# Are there any Bluetooth OBD apps for the iphone?



## MarkH (Dec 10, 2006)

Have seen the torque application for android phones and it looks impressive, but it appears that you have to buy a wireless obd dongle and an expensive app for the iphone?


----------



## Jem (Aug 10, 2007)

I've got Torque for my Desite HD and it's brilliant.

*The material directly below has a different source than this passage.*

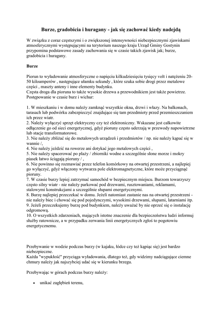 Burze, gradobicia i huragany - jak się zachować kiedy nadejdą W związku z coraz częstszymi i o zwiększonej intensywności niebezpiecznymi zjawiskami atmosferycznymi występującymi na terytorium naszego kraju Urząd Gminy Gostynin przypomina podstawowe zasady zachowania się w czasie takich zjawisk jak; burze, gradobicia i huragany. Burze Piorun to wyładowanie atmosferyczne o napięciu kilkudziesięciu tysięcy volt i natężeniu 2050 kiloamperów , następujące ułamku sekundy , które szuka sobie drogi przez metalowe części , maszty anteny i inne elementy budynku. Częsta droga dla pioruna to także wysokie drzewa a przewodnikiem jest także powietrze. Postępowanie w czasie burz i wichur: 1. W mieszkaniu i w domu należy zamknąć wszystkie okna, drzwi i włazy. Na balkonach, tarasach lub podwórku zabezpieczyć znajdujące się tam przedmioty przed przemieszczaniem ich przez wiatr. 2. Należy wyłączyć sprzęt elektryczny czy też elektroniczny. Wskazane jest całkowite odłączenie go od sieci energetycznej, gdyż pioruny często uderzają w przewody napowietrzne lub stacje transformatorowe. 3. Nie należy zbliżać się do metalowych urządzeń i przedmiotów / np. nie należy kąpać się w wannie /, 4. Nie należy jeździć na rowerze ani dotykać jego metalowych części , 5. Nie należy spacerować po plaży / zbiorniki wodne a szczególnie słone morze i mokry piasek łatwo ściągają pioruny / , 6. Nie powinno się rozmawiać przez telefon komórkowy na otwartej przestrzeni, a najlepiej go wyłączyć, gdyż włączony wytwarza pole elektromagnetyczne, które może przyciągnąć pioruny. 7. W czasie burzy lepiej zatrzymać samochód w bezpiecznym miejscu. Burzom towarzyszy często silny wiatr - nie należy parkować pod drzewami, rusztowaniami, reklamami, stalowymi konstrukcjami a szczególnie słupami energetycznymi. 8. Burzę najlepiej przeczekać w domu. Jeżeli natomiast zastanie nas na otwartej przestrzeni nie należy biec i chować się pod pojedynczymi, wysokimi drzewami, słupami, latarniami itp. 9. Jeżeli przeczekujemy burzę pod budynkiem, należy uważać by nie oprzeć się o instalację odgromową. 10. O wszystkich zdarzeniach, mających istotne znaczenie dla bezpieczeństwa ludzi informuj służby ratownicze, a w przypadku zerwania linii energetycznych zgłoś to pogotowiu energetycznemu. Przebywanie w wodzie podczas burzy (w kajaku, łódce czy też kąpiąc się) jest bardzo niebezpieczne. Każda "wypukłość" przyciąga wyładowania, dlatego też, gdy widzimy nadciągające ciemne chmury należy jak najszybciej udać się w kierunku brzegu. Przebywając w górach podczas burzy należy: unikać zagłębień terenu, nie stać w rozkroku usiąść ze złączonymi nogami na plecaku bez metalowych elementów lub karimacie co odizolowuje od ziemi, a tym samym chroni przed rozchodzącymi się po niej od pioruna ładunkiem elektrycznym, zejść ok. 100 m poniżej grzbietu, na jego zawietrzną stronę - jest ona najmniej narażona na uderzenia piorunów, nie kłaść się. PIERWSZA POMOC! Osoby porażonej piorunem , u której nie wyczuwalny jest oddech i tętno , należy udzielić pierwszej pomocy , wykonując masaż serca i sztuczne oddychanie. Zawsze należy jak najszybciej wezwać fachową pomoc. Nie należy bać się dotykać osoby porażonej piorunem !!! GRADOBICIE Najczęstszą przyczyną występowania gradobicia jest powstanie chmur gradowych na skutek silnych, pionowych ruchów powietrza. Zjawisko to ma miejsce najczęściej w okresie letnim. Bądź przygotowany na wystąpienie gradobicia !!! 1. Ubezpiecz swoje mieszkanie, dom, samochód, zwierzęta gospodarskie, uprawy polowe od skutków gradobicia. 2. Zapisz i zapamiętaj numer telefonu na pogotowie ratunkowe, do służb weterynaryjnych i upewnij się, czy wszyscy członkowie rodziny je znają. 3. Przygotuj swoje mieszkanie, swój dom : zabezpiecz rynny i inne części budynku; zabezpiecz lampy i inne urządzenia, które mogą ulec zniszczeniu. Podczas gradobicia 1. Jeżeli spotka cię gradobicie z dala od domu, znajdź bezpieczne schronienie i pozostań tam do czasu jego zakończenia. 2. Jeśli jesteś w domu: zamknij okna, usuń z parapetów i balkonów przedmioty, które mogą zagrażać przechodniom; pozostań w nim z dala od oszklonych okien, sufitów i drzwi; w miarę możliwości pozamykaj zwierzęta domowe i hodowlane; trzymaj pod ręką przygotowane latarki oraz dodatkowe baterie; miej włączone radio, w celu uzyskania ewentualnych komunikatów. 3. O wszystkich zdarzeniach, mających istotne znaczenie dla bezpieczeństwa ludzi informuj pogotowie ratunkowe, a w przypadku zerwania linii energetycznych zgłoś to pogotowiu energetycznemu. Po gradobiciu 1. Jeśli są poszkodowani to : udziel pierwszej pomocy rannym lub poszkodowanym osobom; nie przenoś ciężko rannych osób, chyba że są one bezpośrednio zagrożone doznaniem kolejnych obrażeń - wezwij pomoc. 2. Jeżeli byłeś ubezpieczony przed gradobiciem, wykonaj zdjęcia zniszczeń, zarówno domu, jak i jego wyposażenia w celu ubiegania się o odszkodowanie HURAGAN Występowanie huraganów (silnych wiatrów) powodowane jest najczęściej, szybko przemieszczającymi się aktywnymi niżami. Najgroźniejszą formę przyjmują one w okresie : wiosennym i jesiennym Przed wystąpieniem huraganu (silnych wiatrów): 1. Upewnij się, czy wszyscy członkowie twojej rodziny wiedza jak postępować w czasie huraganu, oraz naucz ich jak wyłączać gaz, elektryczność i wodę. 2. Opracuj plan komunikowania się w czasie zagrożenia na okoliczność, gdy członkowie rodziny są rozdzieleni (realny przypadek, gdy dorośli są w pracy, a dzieci w szkole). 3. Naucz dzieci, jak i kiedy wzywa się policję lub straż pożarna, oraz które radio jest nastrojone na odbiór informacji o stanie zagrożenia. Podczas huraganu 1. Miej włączone radio bateryjne na częstotliwości radia regionalnego „ Radio dla Ciebie” 101,00 MHz albo program lok

You need a bluetooth OBD dongle for any though as the car doesn't have bluetooth as standard.


----------



## MarkH (Dec 10, 2006)

Yeah I have heard it is good, but to get an equivalent on the iphone it needs a wireless obd transmitter and the cheapest is £70 and then I believe the app is £20ish on top of that, I may as well get a htc san francisco for £87, bluetooth obd for £15 and leave my iphone free for sat nav!


----------



## Jem (Aug 10, 2007)

I've got one like this, only £20 delivered, would that not do the job with the iphone?


----------



## MarkH (Dec 10, 2006)

No they work on different bluetooth I believe.


----------



## hibberd (Jul 5, 2006)

is this what you mean as an app?

http://itunes.apple.com/us/app/dashcommand-obd-ii-gauge-dashboards/id321293183?mt=8


----------